Effect of AlOH supplementation in CKD cats on serum Al compared to cats not reported to receive AlOH therapeutically. (A) Comparison of cats with CKD receiving AlOH therapeutically versus patients presenting for wellness and pre-dental assessment analyzed by student’s t-test (one-tailed, F = 2.120 (p = 0.1478), t = 2.036 (p = 0.0251)). (B) Comparison of cats with CDK receiving AlOH therapeutically versus all cats not reported to be receiving AlOH analyzed by unequal variances t-test (Welch’s test) (one-tailed, F = 4.329 (p < 0.0001), t = 3.061 (p = 0.0034))

Fig. 5.

Fig. 5

Comparison of parametric (one-way ANOVA) and non-parametric (Kruskal-Wallis) tests for differences of means across all study sub-groups after ROUT analysis and exclusion of outliers

Fig. 6.

Fig. 6

Comparison of parametric (one-way ANOVA) and non-parametric (Kruskal-Wallis) tests for differences of means across all study sub-groups including identified outliers

A reference interval for serum Al concentrations was established using a modification of the methods described in the American Society for Veterinary Clinical Pathology position statement for the determination of reference intervals in veterinary species [17]. Based on the data from all cats not reported to receive AlOH included in the study, the reference range for the middle 90% of the population is < 86 ng/mL. The middle 90% of the wellness and pre-dental group had serum Al concentrations < 132 ng/mL whereas the CKD with AlOH group had Al concentrations < 176 ng/mL. Due to the subgroup sample sizes of less than 20 individuals per group, specific reference ranges for these subpopulations could not be established.

Case progression

A 16-year-old 4 kg spayed female domestic shorthair cat with a five-year history of IRIS stage 2 CKD presented with a seven-month history of mild hindlimb weakness and intermittent right forelimb myoclonus.

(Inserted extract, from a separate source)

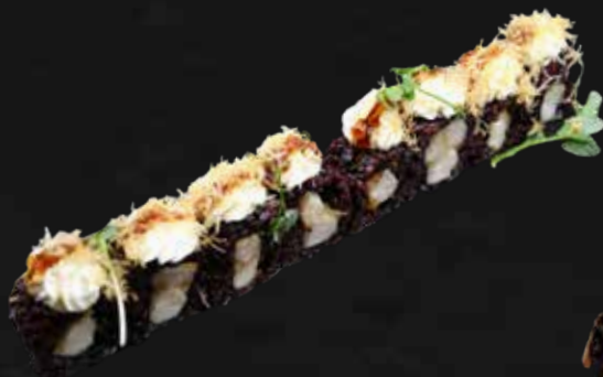
202. BLACK CHICKEN pollo fritto, philadelphia, teriyaki e kataifi € 11.00

Serum biochemistry assessment did not indicate uremic encephalopathy and suggested stable CKD with SUN 49 mg/dL (16–37), creatinine 2 mg/dL (0.9–2.3), symmetric dimethylarginine (SDMA) 11 µg/dL (0–14) and phosphate 5.3 mg/dL (2.9–6.3) mostly within reference intervals. The patient had been managed on maropitant citrate (6 mg PO SID), mirtazapine (0.47 mg PO q24h), prednisolone (5 mg PO EOD), gabapentin (12.5 mg PO q12h), cobalequin (1 chewable), chlorambucil (2 mg q7d) and Phos-Bind (AlOH) (500 mg PO q12h). Chlorambucil was discontinued to rule out the tremor as an adverse effect of this pharmaceutical with no resolution of clinical signs. Serum Al was reported as 376 ng/mL. The patient was switched to Epakitin (Vetoquinol, Fort Worth, TX, 76137, USA), an Al-free phosphate binder formula, and the AlOH supplementation was discontinued. At follow-up, there was a complete resolution of the right forelimb myoclonus. Serum Al at 5-month follow-up after discontinuation of AlOH therapy was 71 ng/mL and the owner reported a complete resolution of the neurologic signs.

Discussion

Evaluation of Al toxicosis with CKD presents unique challenges for veterinarians and diagnosticians due to the limited availability of published case reports and lack of available reference data and toxic thresholds, especially for cats. Based on the presented serum Al concentrations, cats can experience elevated circulating Al which can increase the risk of developing clinical toxicosis. Eighteen cats with CKD receiving AlOH had mean serum Al of 69 ng/mL [95% CI: 42–97 ng/mL]. These Al concentrations were significantly higher than those in cats without azotemia who did not receive Al-containing phosphate binders. Three animals were statistically identified as outliers with serum Al reported as 334, 376, and 2159 ng/mL. The cats with Al reported as 334 and 2159 ng/mL presented to the diagnostic endocrinology service for new onset of hypercalcemia and additional history and follow up information were not available for these two patients. The serum Al in the presented feline patient was 376 ng/mL following chronic exposure to AlOH as an intestinal phosphate binder therapy for CKD management. When cases, such as the one presented herein, are submitted to the toxicology laboratory for evaluation of suspected Al toxicosis, the toxicologist is tasked with interpreting values for which little to no reference data is available. Toxicologists are left to extrapolate data from humans, rabbits, rodents, or dogs to make a determination of the significance of the result with the referring veterinarian.

Toxicity studies in healthy young beagle dogs did not find significant toxicosis with dietary Al of 30 mg/g diet for 26 weeks [2]. However, the proportion of free Al versus protein-bound Al increases with increased renal dysfunction associated with age and renal pathology. Therefore, it is inappropriate to assess the potential for Al to cause intoxication in CKD patients with feeding trials in otherwise healthy individuals [9, 18]. Additionally, the lack of finding significant toxicosis in this study suggests aluminum is not of toxicologic significance in veterinary species when aluminum toxicosis has been documented in dogs. A swift resolution of neurologic signs and return to normal serum Al was reported in an otherwise healthy, young dog following removal of an Al razor blade foreign body [14]. Serum Al was observed to decrease over time from the initial 140 ng/mL and 250 ng/mL on the second- and third post-operative days to 85 ng/mL and 13 ng/mL at two- and twelve-week follow-up [14]. Serum Al may have returned to baseline prior to final follow-up, however data between the two- and twelve-week assessments was not available in this study. Additionally, this dog was not reported to have a history of renal disease or renal injury secondary to the foreign body, therefore the elimination kinetics for this case are difficult to extrapolate to patients with elevated serum Al and renal function impairment.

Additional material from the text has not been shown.